[[ EXTRACTED DATA, beginning ]]

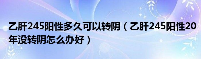 大家好,小新來(lái)為大家解答以上的問(wèn)題。乙肝245陽(yáng)性多久可以轉(zhuǎn)陰,乙肝245陽(yáng)性20年沒(méi)轉(zhuǎn)陰怎么辦好很多人還不知道,現(xiàn)在讓我們一起來(lái)看看吧!
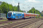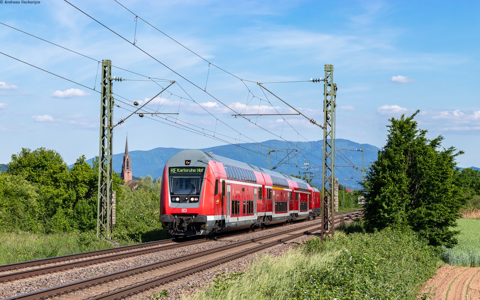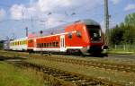 EBERSWALDE (Landkreis Barnim), 20.05.2024, RE3 nach Berlin Gesundbrunnen - mit einem Doppelstock-Steuerwagen an der Spitze - bei der Einfahrt in den Hauptbahnhof
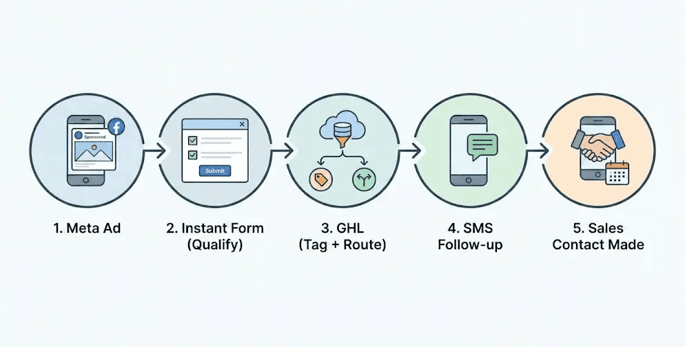 I built a full-funnel Meta to CRM pipeline that qualifies early and triggers immediate follow-up, so leads consistently move from form fill to booked appointment.
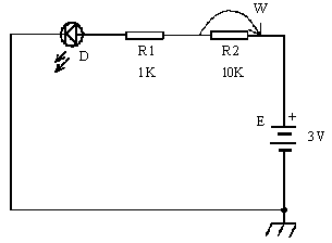 工作原理 把两个电阻一个接一个地顺次连接起来,叫串联电路.连接后,先将一个10K电阻R2用短接线(W)接短路,此时R=R1,通过发光二极管的电流会较大,灯较亮.然后去掉短路线则通过发光二极管的电流会变小,变暗,即说明串联后总电阻增大, R = R1 + R2.
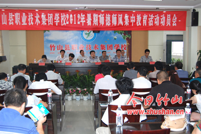 今日竹山网消息 8月26日,县职业技术集团学校召开暑期师德师风集中教育活动动员会议,决定从8月26日至8月30日起开展为期五天的集中教育活动,将以构建和谐教育、提高教职工整体素质、办人民满意教育为目标,以弘扬教师爱岗敬业、创优教育环境、提高教学质量为核心;通过局领导讲政策、讲教育形势,县教研人员讲教学业务,优秀教师代表讲实践经验,教师开展自剖析,增强责任意识,进一步理清思路,科学定位,凝心聚力奏响学校发展的新乐章。会上校长沈敬东作了主题报告,全校教师参加了动员会议。
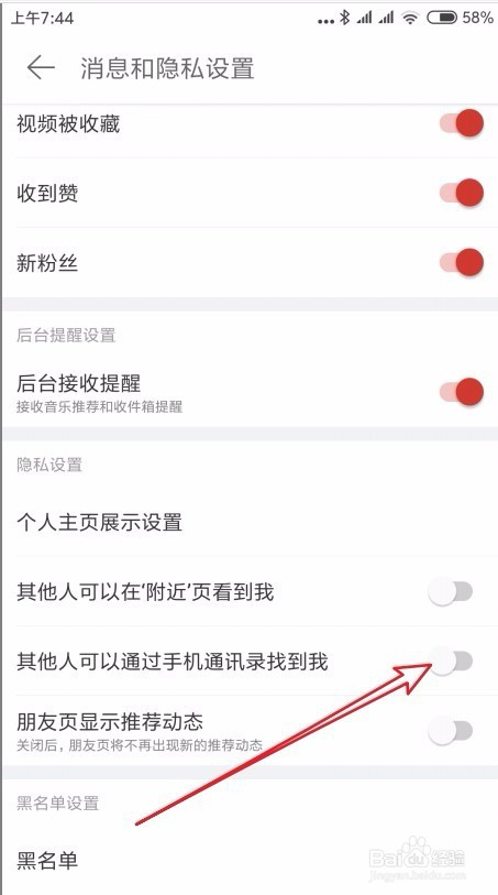 我们把厥后面的开关设置为封闭状况。如许今后我们就不会呈现在手机通信录的保举名单中了。

[[ EXTRACTED DATA, end ]]

Copy exactly the lines from the line that holds "今日竹山网消息 8月26日,县职业技术集" to the end of the listing, both included. Leave the pictures out.

 今日竹山网消息 8月26日,县职业技术集团学校召开暑期师德师风集中教育活动动员会议,决定从8月26日至8月30日起开展为期五天的集中教育活动,将以构建和谐教育、提高教职工整体素质、办人民满意教育为目标,以弘扬教师爱岗敬业、创优教育环境、提高教学质量为核心;通过局领导讲政策、讲教育形势,县教研人员讲教学业务,优秀教师代表讲实践经验,教师开展自剖析,增强责任意识,进一步理清思路,科学定位,凝心聚力奏响学校发展的新乐章。会上校长沈敬东作了主题报告,全校教师参加了动员会议。
 我们把厥后面的开关设置为封闭状况。如许今后我们就不会呈现在手机通信录的保举名单中了。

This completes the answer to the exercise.